Он подъехал на машине к выходу из метро радостный, с охапкой роз. Прохожие оглядывались. Меня передёрнуло: что за нелепая демонстрация? Мой порок выставлен на всеобщее обозрение. Жёнам не дарят такие цветы на улице. Цветы были хороши на юге, там всё казалось игрой, а здесь обернулось предательством.

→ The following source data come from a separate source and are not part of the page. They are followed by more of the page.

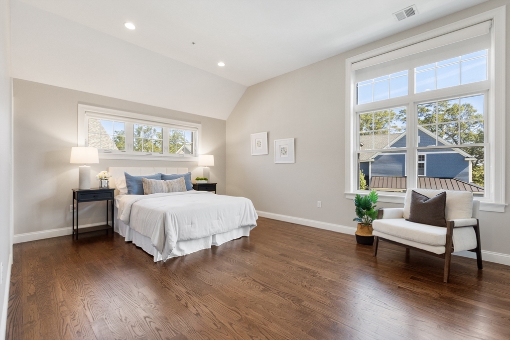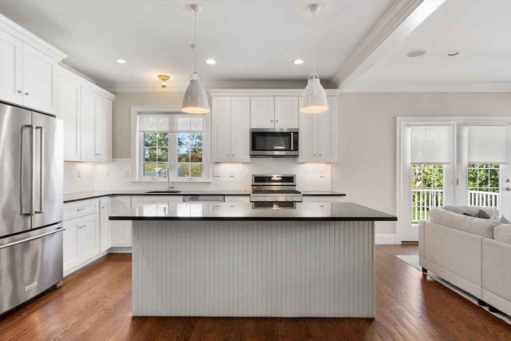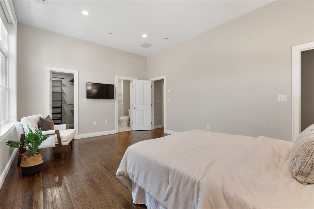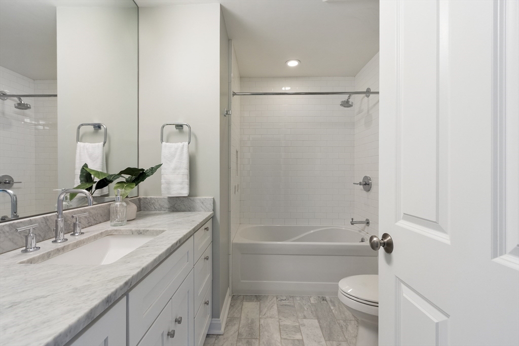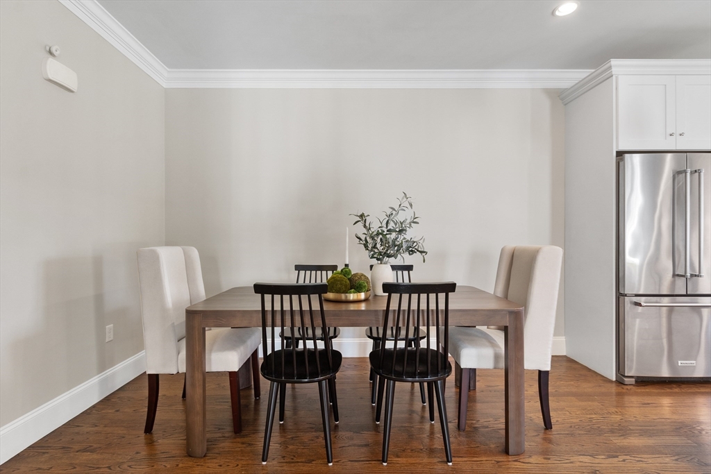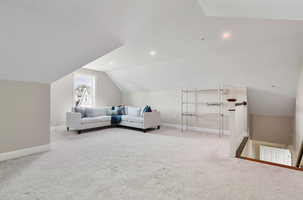 This stunning contemporary townhouse in the sought after Clarks Hill Village community offers a sun drenched open-concept layout creating an inviting flow for everyday living & entertaining. The center island chef’s kitchen comes well-appointed w/gas cooktop, stone counters, stainless appliances & generous dining area flowing seamlessly into the spacious family room w/cozy gas fireplace where family & friends can comfortably gather. Sliders open to a composite deck offering views of the private & tranquil backyard. Unwind in the dreamy primary bedroom suite w/custom walk-in closet, indulgent spa bath & versatile 3rd floor bonus space. 2 additional bedrooms & full bath complete the 2nd level. A finished lower level offers versatile living spaces to meet evolving needs. Enjoy this convenient location near shopping, restaurants, commuter routes, public transportation & vibrant downtown Framingham!
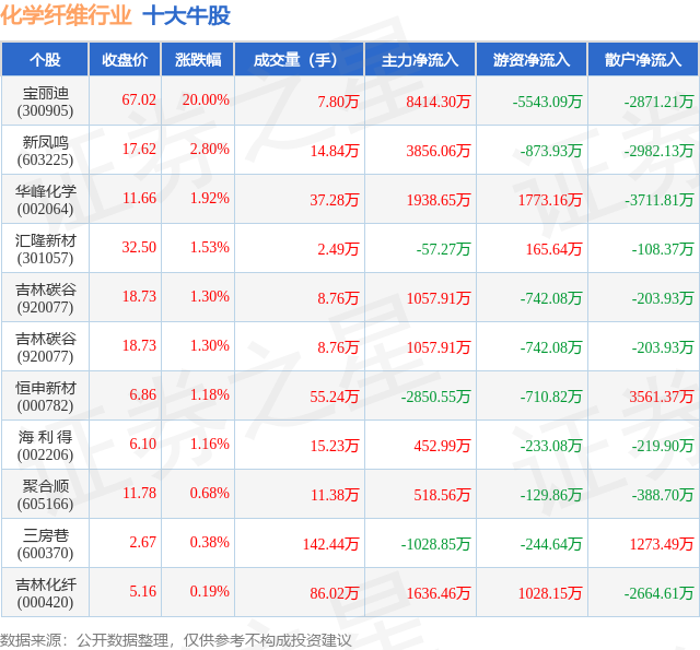 个股表现方面,化学纤维行业当日领涨股为宝丽迪(300905),该股当日报收67.02,上涨20.0%,成交量7.8万,主力资金净流入8414.3万元。新凤鸣(603225)以上涨2.8%紧随其后,该股当日成交量14.84万,主力资金净流入3856.06万元。除此之外,华峰化学(002064)、汇隆新材(301057)、吉林碳谷(920077)均进入当日牛股之列。具体个股列表见下表:
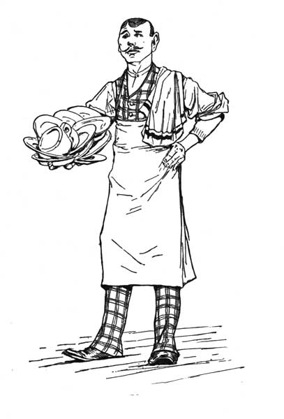 A score or more of small tables fastened securely to the floor—for many, as Bob often said, "comes here deep in liquor an' can't tell a white-pine table from a black felt hat"—were disposed about the room at measured distances from each other, equipped with four short-legged stools, a set of casters, and a jar of sugar, all so firmly fixed as to baffle both cupidity and nervousness. On walls, posts, and pillars were hung a number of allusions to the variety and excellence of Bob's larder.
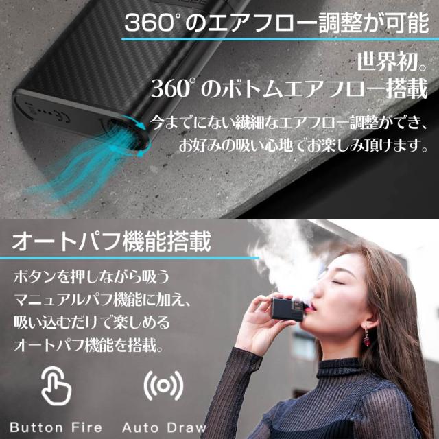 世界初!360°のボトムエアフローを搭載しており、今までにない繊細なエアフロー調整ができ、お好みの吸い心地でお楽しみ頂けます。

Сигурд жил в элитном доме, со шлагбаумом во дворе – в массовом порядке Москва дожила до этого через сорок лет. В застеклённой кабинке просторного вестибюля чуть не в пояс кланялась консьержка. Квартира слишком просторная для одного жильца, скудно обставлена дорогой холодной мебелью, словно взятой напрокат с выставки. Впечатление смягчали пушистые ковры. Шкафы, беспорядочно набитые одеждой, и одна зубная щётка в ванной комнате свидетельствовали, что женщиной тут не пахнет, как и едой, только кофе. Сорок лет и не женат? И без постоянной любовницы. Или ездит к ней сам, или это случайные посетительницы, не оставляющие следов. Вроде меня.

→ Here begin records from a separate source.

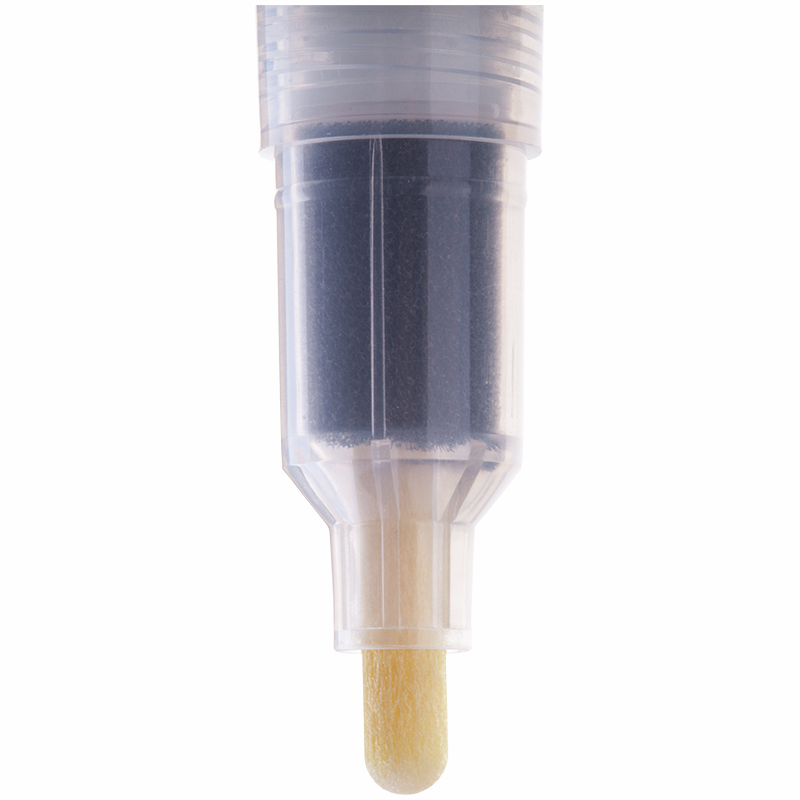 Чернила быстро высыхают на поверхности (спиртовая основа мела быстро сохнет и не дает ему размазываться на любых гладких материалах). Ровная непрерывная подача жидкого мела к пишущему узлу. С любой гладкой поверхности маркер мел хорошо стирается влажной или сухой губкой.
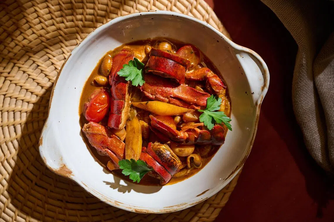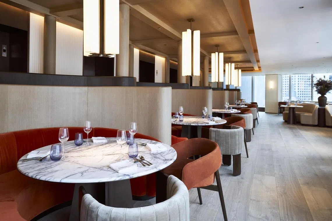 The one-Michelin-starred restaurant went through a major revamp during the pandemic. Now the plush interiors feature walls decked with striking blue lacquered panels inlaid with gilded brass trim, Chinese embroidered panelled artworks, and contemporary furnishings.
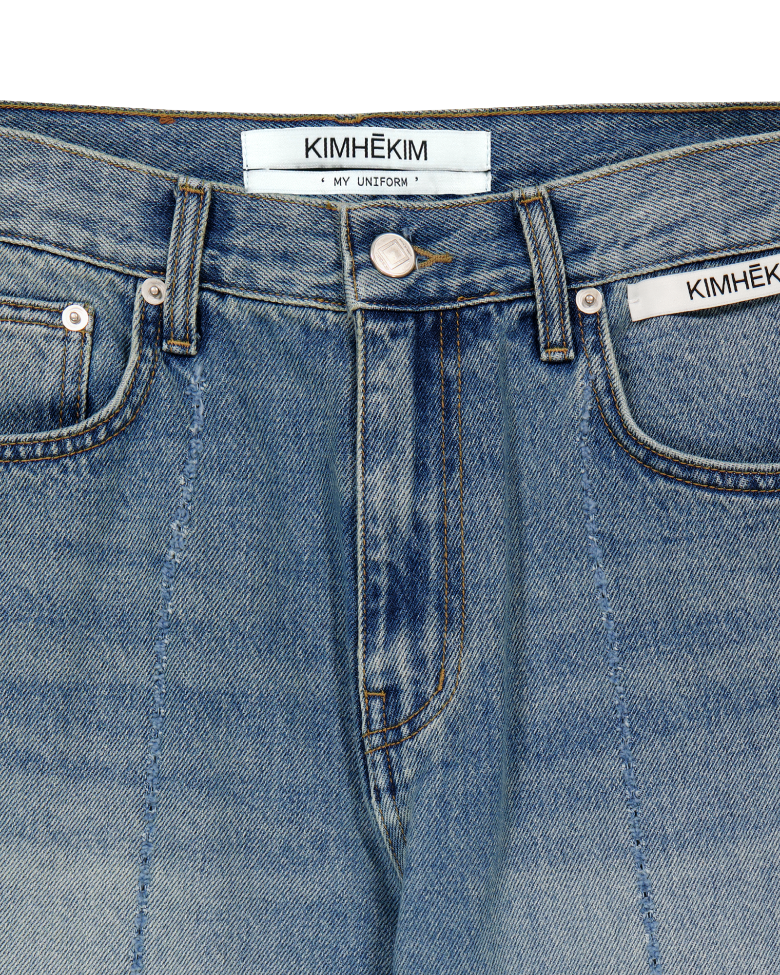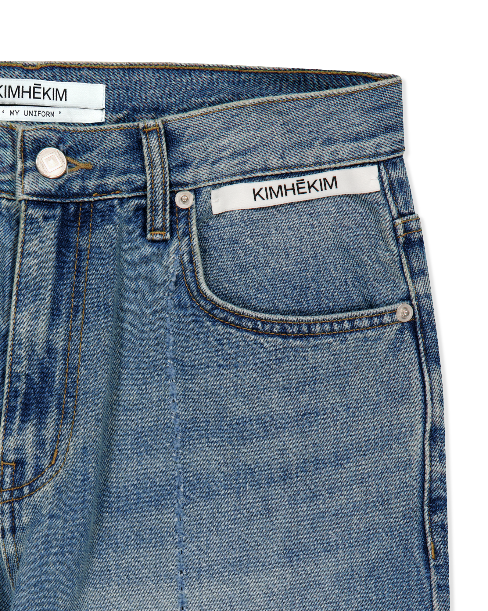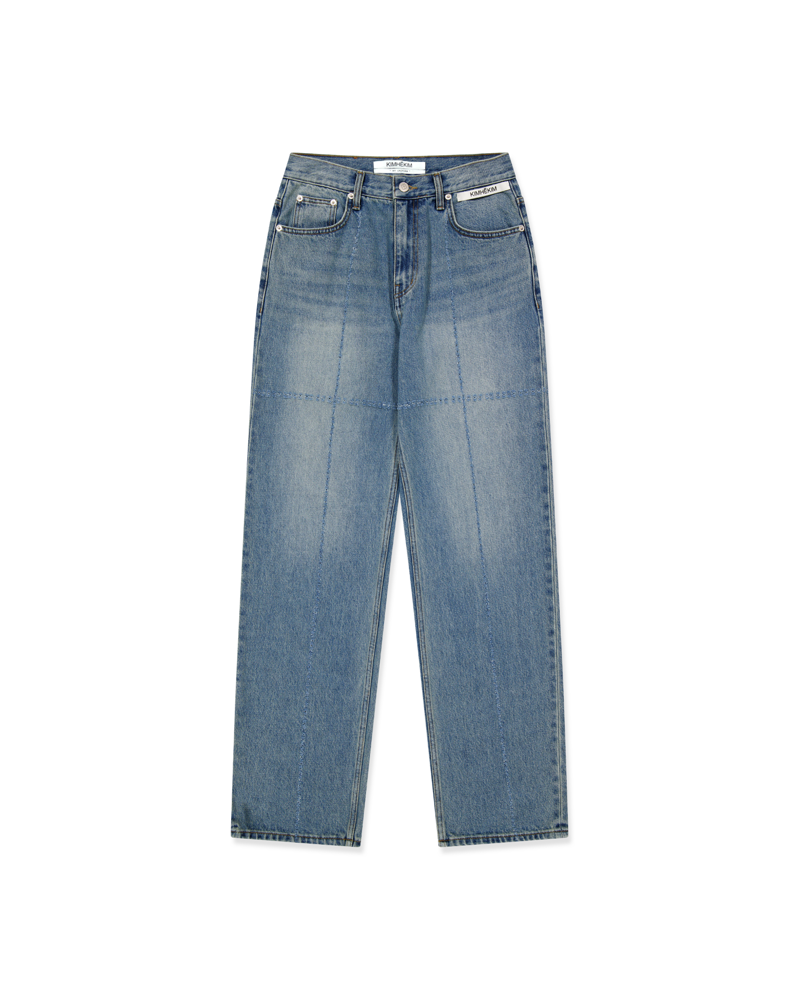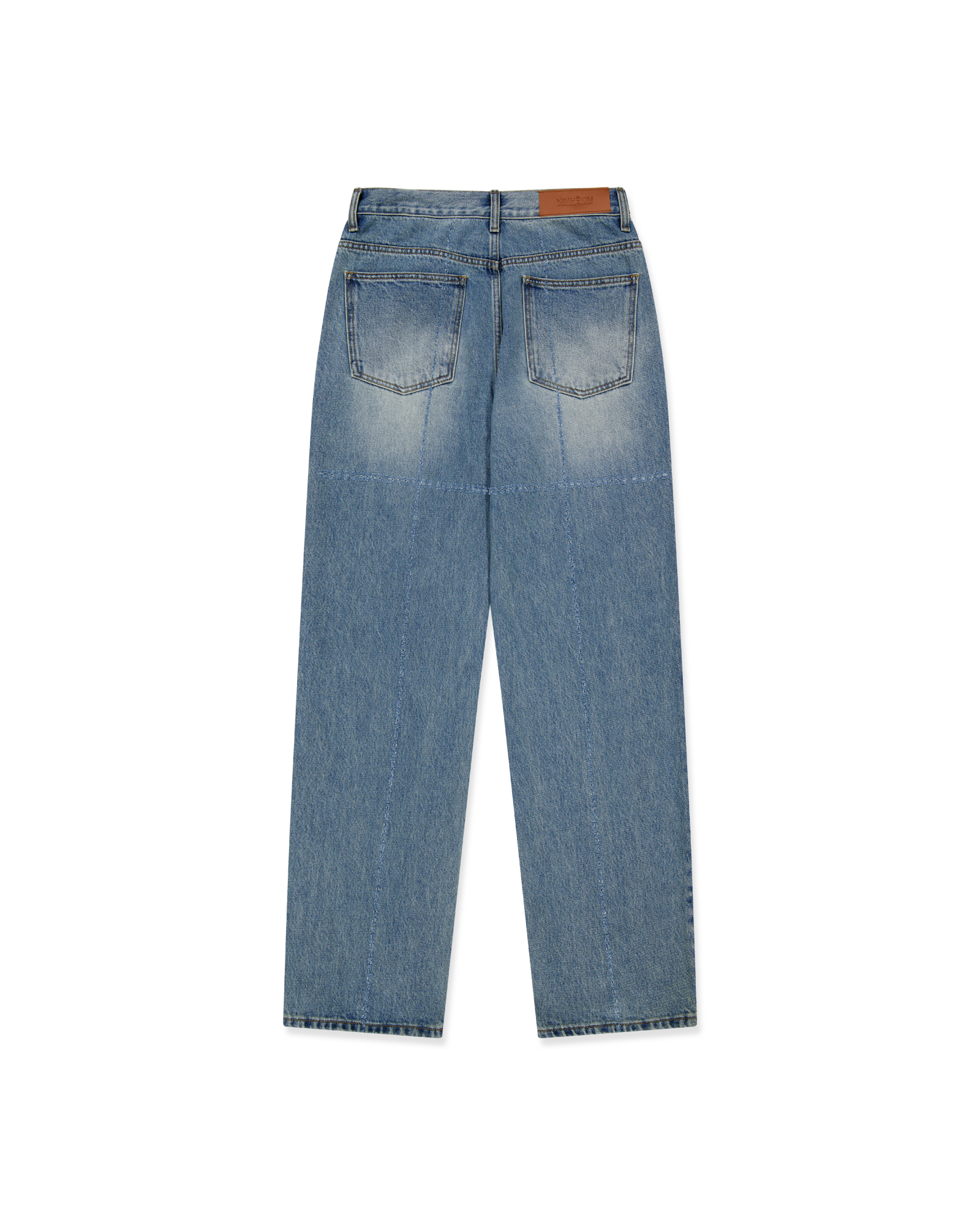 Boyfriend-Fit Punched Denim Pants (Blue)

Многочисленные книжные полки позволяла полагать, что хозяин – учёный. Но для этого он слишком модно одевается, судя по галстукам и фирменным этикеткам, ездит за границу, носит перстень с геммой из лазурита. Впрочем, какое мне дело? Ещё в Мисхоре мы договорились не пинать ящик Пандоры, зная, что ничем хорошим это не кончится.
Подождав, пока я немного освоюсь, Сигурд поцеловал меня сзади в шею и обнял.

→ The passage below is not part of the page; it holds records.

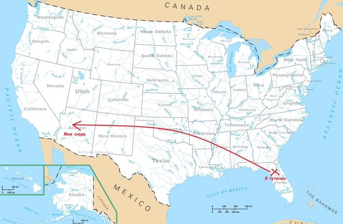 Во - вторых, я наконец вернулся из далекой и жаркой Аризоны в поросшую березками родненькую Флориду. Аризона большой и богатый штат, на который приходится 2/3 всей меди добываемой в США дальше_иду_тфакты_из_Википедии... Отпуск прошел отлично и тут вы можете спросить меня "Енот, чот ты распизделся, а где фоточки из Аризоны?!" Ребят, тут такое дело... Не, фоточки конечно будут, НО. Планируя свой первый отпуск в Вечнозагнивающей, я исходил в первую очередь из финансовой стороны вопроса и посему не учёл один факт. Аризона это ОХРЕНЕТЬ какой большой штат, так - то. И если Флорида вытянута и по форме напоминает пенис, то Аризона, это прямоугольник. ОЧЕНЬ. БОЛЬШОЙ. ПРЯМОУГОЛЬНИК. Поэтому посетить всё (ну или почти всё) что я хотел, я бы не смог при всем желание. А значит вычеркиваем из списка желаемого семиметровые кактусы и каменные деревья.
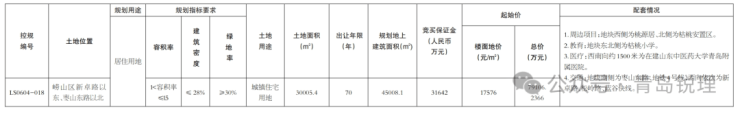 LS0604-018地块位于枣山东路以北、枯桃三号路以东,住宅用地,占地面积约3万㎡,容积率1.5,建筑面积约4.5万㎡,建筑密度28%,绿地率30%。竞买保证金3.16亿元,比例为40%。地块容积率上调至1.5后,起拍楼面地价较去年下调2989元/㎡,降至17576元/㎡。起拍总价增至7.91亿元!
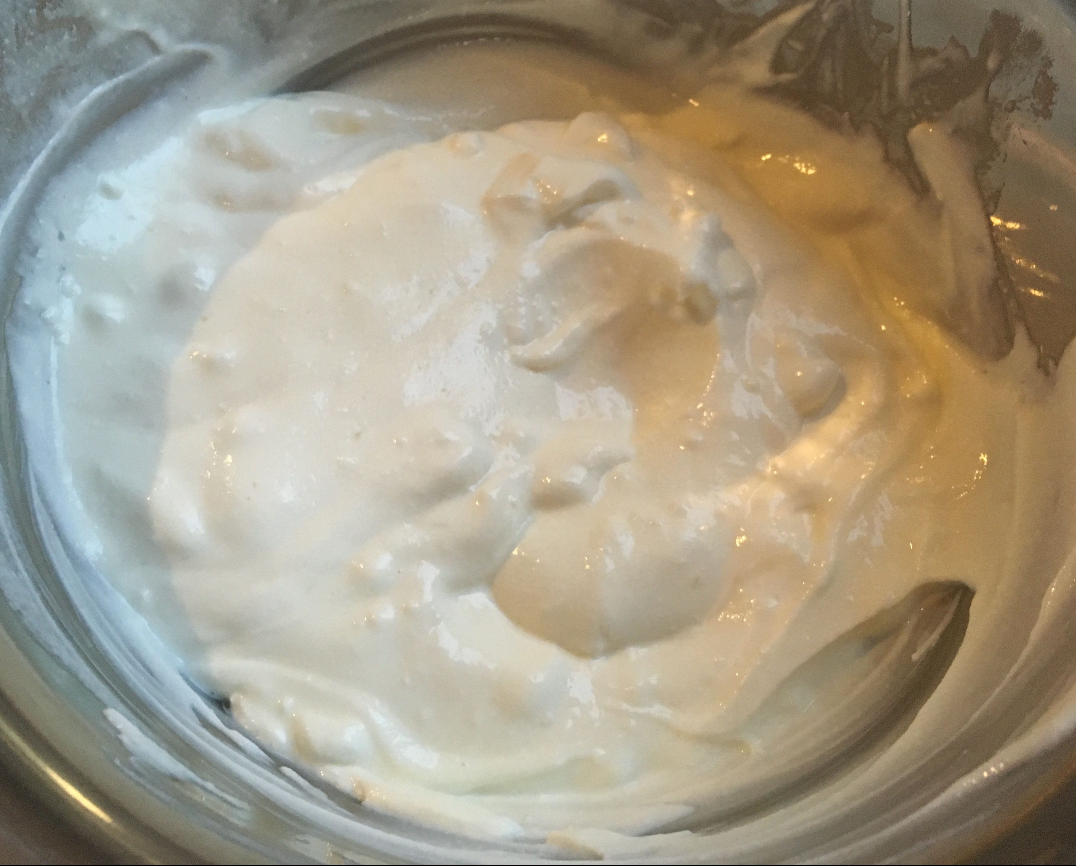 10. Um der Creme den nötigen Halt zu geben, werden 3 oder 4 Esslöffel (8EL) Wasser oder Saft auf dem Herd zum Kochen gebracht, und das Agar-Agar wird hineingerührt – der seltsame Geruch ist normal. Sobald die Flüssigkeit geliert, wird sie zur Joghurt-Quark-Mischung gegeben und gut untergerührt. Sofort in den Tortenring gießen und kalt stellen. Wichtig: 1. Das Agar-Agar mit dem Wasser vermengen, erst dann 2. aufkochen.

– Ты печальна. Доверься мне.
Он просунул руку в вырез моей блузы, нежно погладил грудь и слегка ущипнул за сосок.
– Позволь мне залечить твои раны.
Удивительно толковый мужчина. Я позволила – за тем и пришла. Всё оказалось замечательно, даже лучше, чем в Мисхоре. Мы продолжили встречаться, правда, по моей инициативе. Это внушало ложное чувство собственной значимости. Мне требовалось не просто знать, а осязать, что я человек независимый и строю жизнь по своим чертежам, может, плохим, но своим. Тогда и просчёты не так обидны.
На вопрос Сигурда, пью ли я противозачаточные таблетки, с чувством некоторого превосходства отвечаю:
– Таблетки вредны. Ответственность на тебе.
Он поморщился, но подчинился.
– У меня ещё не было любовниц, которые ставили условия.
Я усмехнулась наивности бывалого ловеласа и язвительно заметила:
– Жизнь разнообразнее, чем кажется на первый взгляд.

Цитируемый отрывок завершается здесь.